真面目さは、悪いものではありません。ただし、最初から全開にする必要はない。続ける仕組みができてから、少しずつ使えば十分です。

副業が軌道に乗ってきたとき、真面目さは大きな武器になります。細部へのこだわり、丁寧な仕上がり、コツコツ積み重ねる力。これらは、続けた先で活きてくるものです。最初から全開にすると、その段階まで到達する前に燃え尽きてしまいます。
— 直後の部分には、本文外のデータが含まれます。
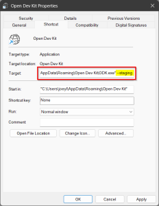 In the window that appeared, at the end of the “Target” field add --staging in all lowercase characters.

「最初は60点でいい」と決めることで、真面目さを温存できます。続けた後に真面目さを発揮する方が、結果的にその力を最大限に使えます。真面目さを活かすタイミングは、始める時ではなく、続いた後です。副業を育てる段階では、まずエネルギーを温存することを優先してください。改善やこだわりは、続いてから後から加えていけばいいのです。

今回はこれでOK

  • 副業が続かない人ほど真面目
  • 最初から頑張りすぎている
  • 60点で続ける方が長持ちする

さいごに

続かなかった経験は、能力不足の証明ではありません。やり方が自分に合っていなかっただけで、向いていないわけではない。副業には、自分に合ったペースとやり方があります。

頑張り方が、少し重すぎただけ。力を抜いた方が、副業はうまくいくことも多いです。「続けられなかった」のではなく「重すぎるやり方をしていた」と捉え直してみてください。

「ちゃんとやらなきゃ」という感覚を少し手放して、「続けられればいい」という基準に切り替えてみる。その切り替えだけで、副業との向き合い方が大きく変わります。

副業に限らず、何かを長く続けるためには「やめない」ことが最大の戦略です。完璧にやろうとして3ヶ月で止まるより、60点のまま1年続ける方が、ずっと多くのものが積み上がります。真面目さを武器にするのは、続いた後でいい。まずは、続けることだけを目標にしてみてください。

副業は短距離走ではなくマラソンです。最初のペースを上げすぎると、途中で失速します。自分のペースで、長く走り続けることを最優先にする。その発想の転換が、副業を続けるための一番のコツかもしれません。続けた先に、真面目さが活きる場面が必ずやってきます。